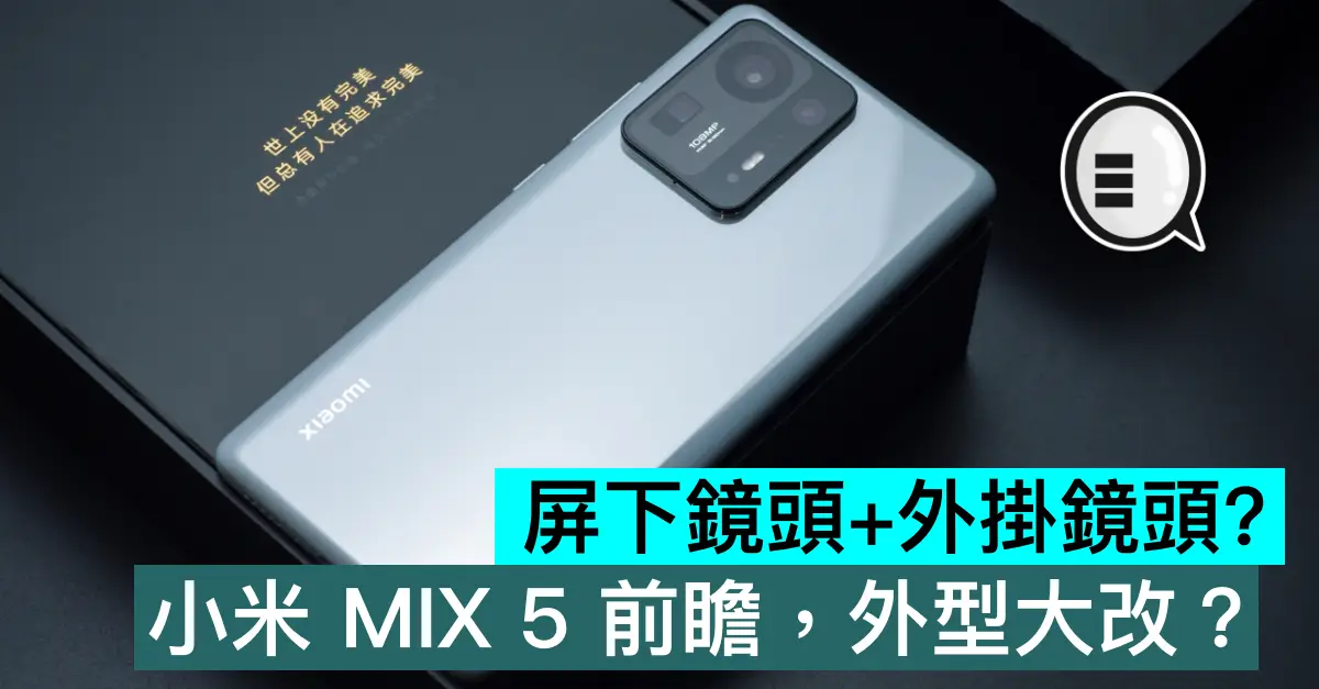 影像方面,暫未有非常明確的參數,網傳多個版本,較早網傳的版本 Xiaomi MIX 5 應為三鏡頭組合,主鏡可能為 1.08億像素,自由曲面廣角鏡頭為 1300萬像素,潛望式長焦為 800萬像素;最新的網傳版本表示 Xiaomi MIX 5 支援高倍率光學變焦的後置多鏡影像系統,或增加了可支援外接磁吸式專業鏡頭的技術等。
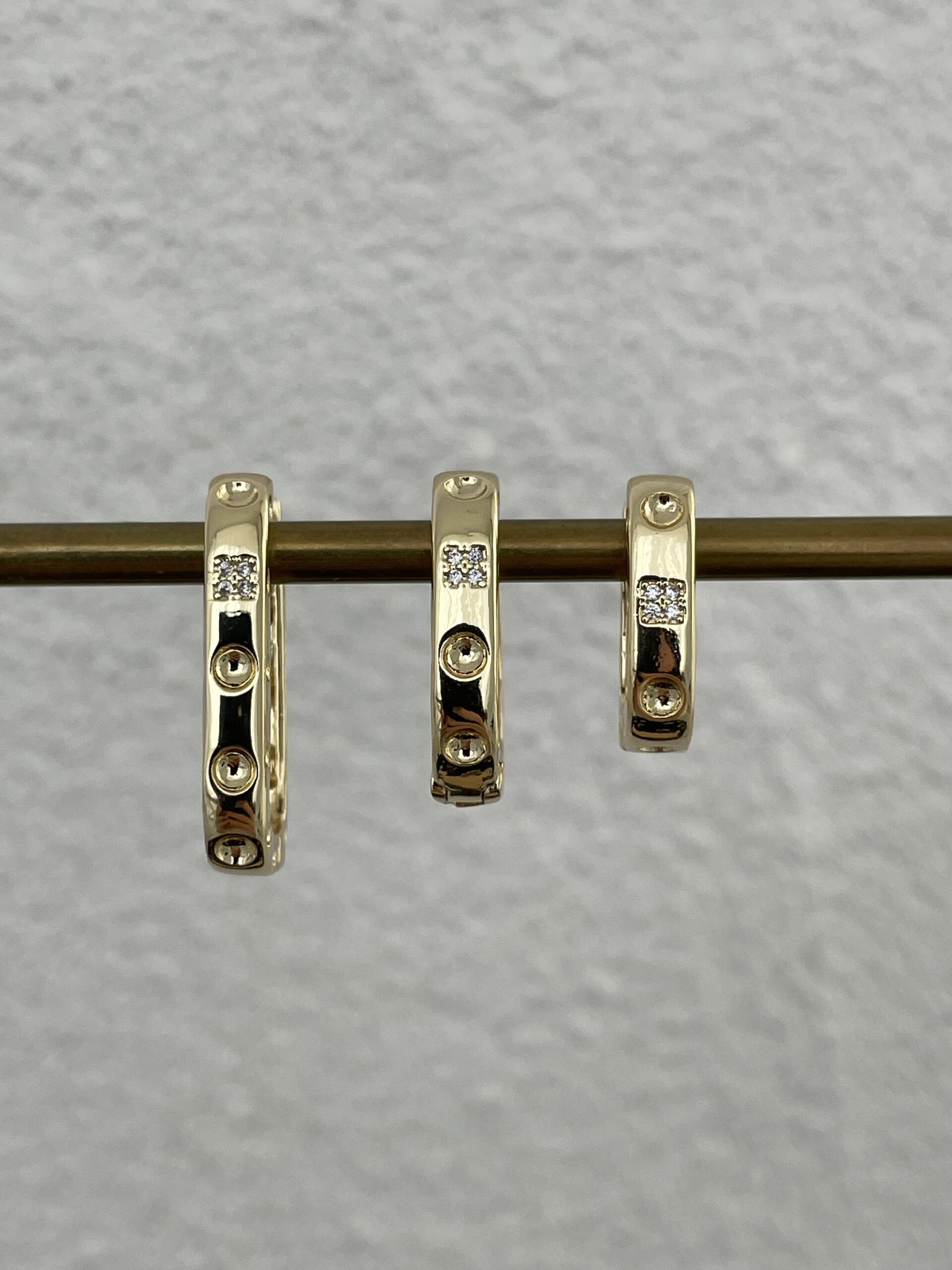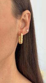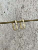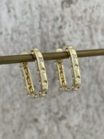 Özel Seri Zirkon Taşlı Büyük Dikdörtgen Gold Küpe
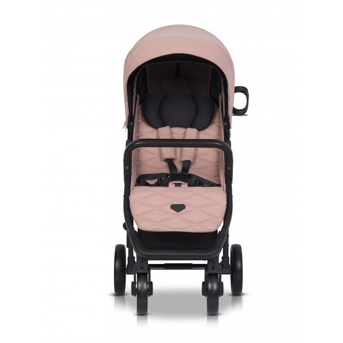 Протиударна подушка подбає про правильне положення голови дитини під час використання коляски, збільшуючи комфорт під час водіння. Просторий капюшон має вбудовану додаткову панель, що дозволяє її подовження та сонцезахисний козирок. Також є вентиляційне вікно. Рама виготовлена ??з легкого алюмінію в поєднанні з пластиком, також регульована ручка і захисний бампер знімний покриті нековзним матеріалом, що значно спрощує управління однією рукою. Передні колеса поворотні, з можливістю блокування руху вперед, і амортизацією значно полегшують рух по нерівних поверхнях.
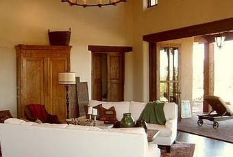 Interesantes interiores en estilo rustico mexicano o Santa Fe.Con sus muros gruesos en tonos tierra, de pequenas ventanas, y sus clasicos artefactos y accesorios en hierro forjado.
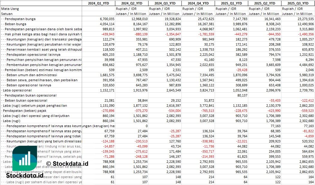 KABARBURSA.COM – PT Bank Tabungan Negara (Persero) Tbk (BTN) mencatat penguatan signifikan pada sejumlah indikator fundamental perbankan hingga kuartal III 2025.
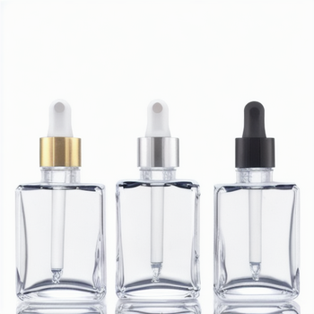 Bouteille en verre rectangulaire de 30ml avec épaulement plat Finition galvanisée givrée Emballage à vis en bambou-Personnalisable
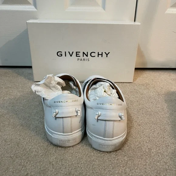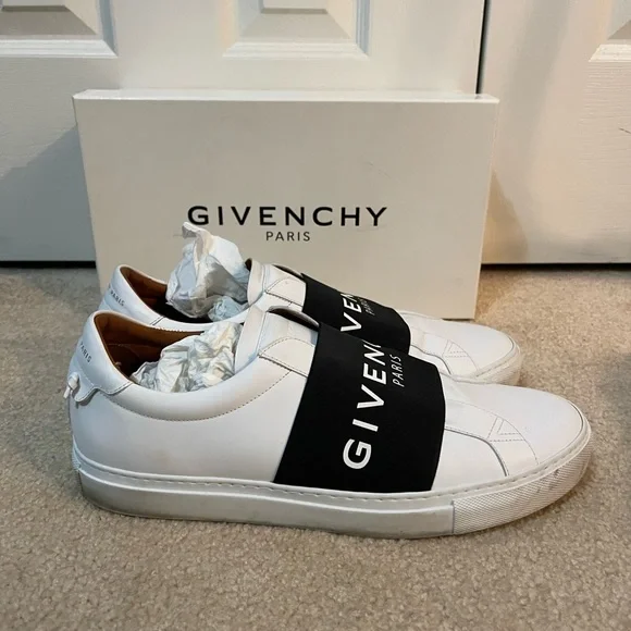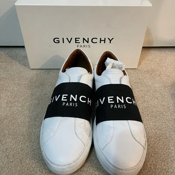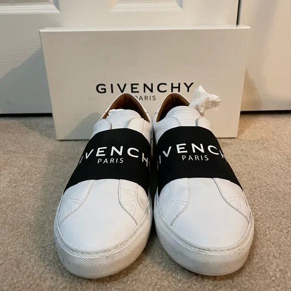 Stylish Givenchy sneakers. White leather with black strap. Comfortable and sleek design.
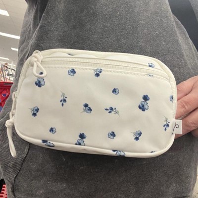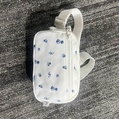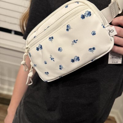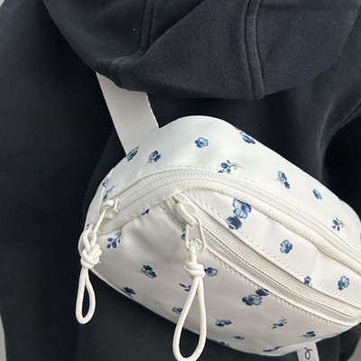[This review was collected as part of a promotion.] This is a great size adjustable waist or crossbody purse. There is a buckle closure along with an adjustable strap to fit many sizes. The delicate blue flower pattern is perfect and the purse is white in color as the base. There are zippered pockets along with mesh dividers inside. It is lightweight and easy to wipe clean. Quality made for the price point! Highly recommend. I received an incentive to write this review.
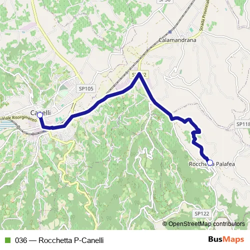 The first stop of the 036 bus route is Rocchetta Palafea and the last stop is Canelli - Paese. 036 (Rocchetta P-Canelli) is operational during everyday.
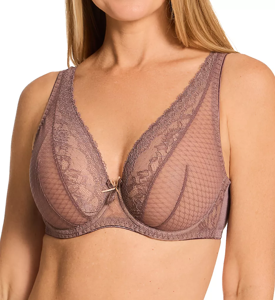 Modern bra design with classic patterned mesh and lace and a sexy sheer look. Made of nylon, polyester, and elastane.
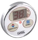 Permite acionar o pré-aquecimento, a bomba de hidromassagem, ajustar a temperatura da água conforme a necessidade e ainda monitorar a temperatura durante todo o banho.
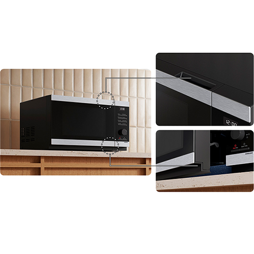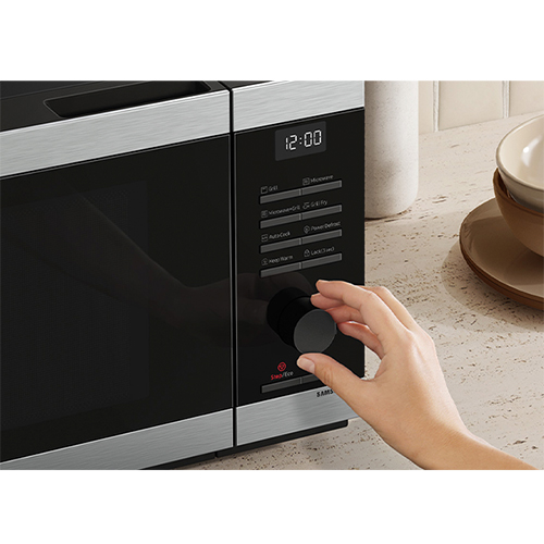 Transforme su cocina en un espacio con un toque ultramoderno, con un diseño elegante y sin fisuras. Resaltado por una puerta plana minimalista con detalles de acero inoxidable y manijas empotradas ubicadas tanto en la parte superior como en la inferior, este diseño irradia elegancia mientras que puede abrir la puerta cómodamente usando cualquiera de las manijas – Ahorre tiempo descongelando ingredientes congelados. Power Defrost ofrece opciones para 5 tipos de alimentos comunes: carne, aves, pescado, pan/pasteles y fruta. Ingrese el tipo y el peso y calculará el tiempo y la potencia de descongelación óptimos, lo que le permitirá preparar los ingredientes rápidamente y conservar los nutrientes – Experimente una experiencia de cocina eficiente y sin complicaciones con nuestro panel de control fácil de usar. Con solo un puñado de botones para administrar las funciones esenciales que se usan comúnmente, junto con un dial para una mayor facilidad de uso y un control preciso, puede seleccionar y ajustar fácilmente las configuraciones para satisfacer sus necesidades – Simplifique la limpieza posterior a la cocción sin esfuerzo.
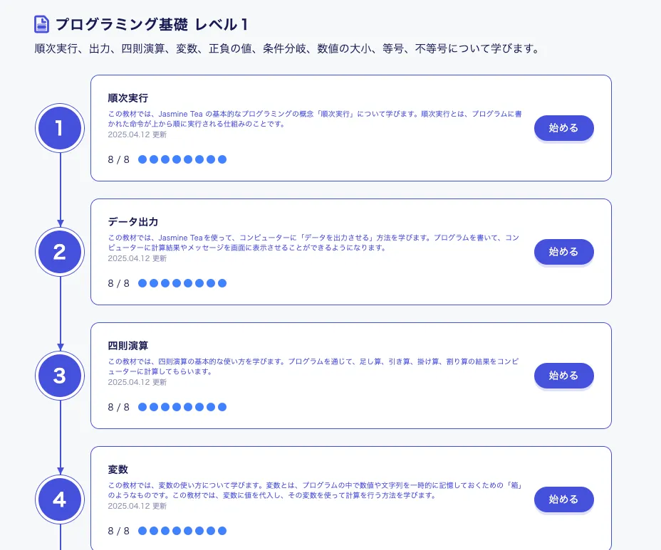 このように「Jasmine Tea」は、初めてプログラミングに挑戦する方々にとって理想的な学ぶ環境を提供しています。新機能を活用することで、プログラミングの基礎を楽しく身につけると同時に、将来的にPythonやJavaScriptといった他の言語を学ぶ際にも、確かな基盤を築くことができます。
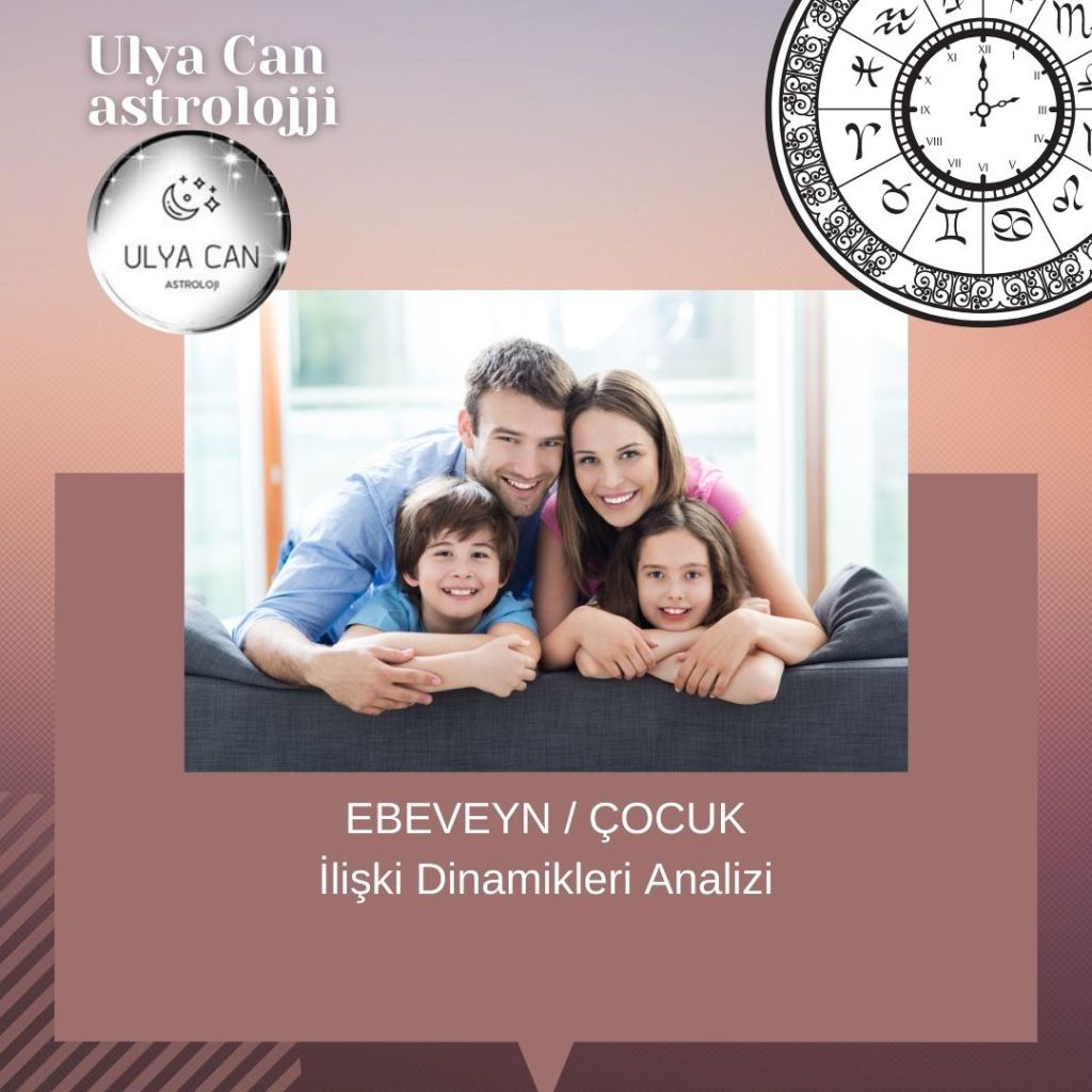 Ebeveyn/Çocuk Sinastrisi; Her çocuk ebeveynleri hakkında bir algıya sahiptir. Sizin çocuğunuz sizi nasıl algılıyor? Siz nasıl bir ebeveynsiniz? Çocuklarınızla ilişkilerinizde hangi dinamikler ağır basıyor? Karmik bağlarınız, kontratlarınız neler? Neden zorluklar yaşıyorsunuz? Karşılıklı birbirinizden öğrenecekleriniz neler? Çocuklarınızla iletişim ve ilişkileriniz için rehber niteliğinde bir çalışma.
========================
• **Prompt**:
Give back every line of the material exactly as written, but not the pictures.

• **Answer for this exercise**:
 影像方面,暫未有非常明確的參數,網傳多個版本,較早網傳的版本 Xiaomi MIX 5 應為三鏡頭組合,主鏡可能為 1.08億像素,自由曲面廣角鏡頭為 1300萬像素,潛望式長焦為 800萬像素;最新的網傳版本表示 Xiaomi MIX 5 支援高倍率光學變焦的後置多鏡影像系統,或增加了可支援外接磁吸式專業鏡頭的技術等。
 Özel Seri Zirkon Taşlı Büyük Dikdörtgen Gold Küpe
 Протиударна подушка подбає про правильне положення голови дитини під час використання коляски, збільшуючи комфорт під час водіння. Просторий капюшон має вбудовану додаткову панель, що дозволяє її подовження та сонцезахисний козирок. Також є вентиляційне вікно. Рама виготовлена ??з легкого алюмінію в поєднанні з пластиком, також регульована ручка і захисний бампер знімний покриті нековзним матеріалом, що значно спрощує управління однією рукою. Передні колеса поворотні, з можливістю блокування руху вперед, і амортизацією значно полегшують рух по нерівних поверхнях.
 Interesantes interiores en estilo rustico mexicano o Santa Fe.Con sus muros gruesos en tonos tierra, de pequenas ventanas, y sus clasicos artefactos y accesorios en hierro forjado.
 KABARBURSA.COM – PT Bank Tabungan Negara (Persero) Tbk (BTN) mencatat penguatan signifikan pada sejumlah indikator fundamental perbankan hingga kuartal III 2025.
 Bouteille en verre rectangulaire de 30ml avec épaulement plat Finition galvanisée givrée Emballage à vis en bambou-Personnalisable
 Stylish Givenchy sneakers. White leather with black strap. Comfortable and sleek design.
[This review was collected as part of a promotion.] This is a great size adjustable waist or crossbody purse. There is a buckle closure along with an adjustable strap to fit many sizes. The delicate blue flower pattern is perfect and the purse is white in color as the base. There are zippered pockets along with mesh dividers inside. It is lightweight and easy to wipe clean. Quality made for the price point! Highly recommend. I received an incentive to write this review.
 The first stop of the 036 bus route is Rocchetta Palafea and the last stop is Canelli - Paese. 036 (Rocchetta P-Canelli) is operational during everyday.
 Modern bra design with classic patterned mesh and lace and a sexy sheer look. Made of nylon, polyester, and elastane.
 Permite acionar o pré-aquecimento, a bomba de hidromassagem, ajustar a temperatura da água conforme a necessidade e ainda monitorar a temperatura durante todo o banho.
 Transforme su cocina en un espacio con un toque ultramoderno, con un diseño elegante y sin fisuras. Resaltado por una puerta plana minimalista con detalles de acero inoxidable y manijas empotradas ubicadas tanto en la parte superior como en la inferior, este diseño irradia elegancia mientras que puede abrir la puerta cómodamente usando cualquiera de las manijas – Ahorre tiempo descongelando ingredientes congelados. Power Defrost ofrece opciones para 5 tipos de alimentos comunes: carne, aves, pescado, pan/pasteles y fruta. Ingrese el tipo y el peso y calculará el tiempo y la potencia de descongelación óptimos, lo que le permitirá preparar los ingredientes rápidamente y conservar los nutrientes – Experimente una experiencia de cocina eficiente y sin complicaciones con nuestro panel de control fácil de usar. Con solo un puñado de botones para administrar las funciones esenciales que se usan comúnmente, junto con un dial para una mayor facilidad de uso y un control preciso, puede seleccionar y ajustar fácilmente las configuraciones para satisfacer sus necesidades – Simplifique la limpieza posterior a la cocción sin esfuerzo.
 このように「Jasmine Tea」は、初めてプログラミングに挑戦する方々にとって理想的な学ぶ環境を提供しています。新機能を活用することで、プログラミングの基礎を楽しく身につけると同時に、将来的にPythonやJavaScriptといった他の言語を学ぶ際にも、確かな基盤を築くことができます。
 Ebeveyn/Çocuk Sinastrisi; Her çocuk ebeveynleri hakkında bir algıya sahiptir. Sizin çocuğunuz sizi nasıl algılıyor? Siz nasıl bir ebeveynsiniz? Çocuklarınızla ilişkilerinizde hangi dinamikler ağır basıyor? Karmik bağlarınız, kontratlarınız neler? Neden zorluklar yaşıyorsunuz? Karşılıklı birbirinizden öğrenecekleriniz neler? Çocuklarınızla iletişim ve ilişkileriniz için rehber niteliğinde bir çalışma.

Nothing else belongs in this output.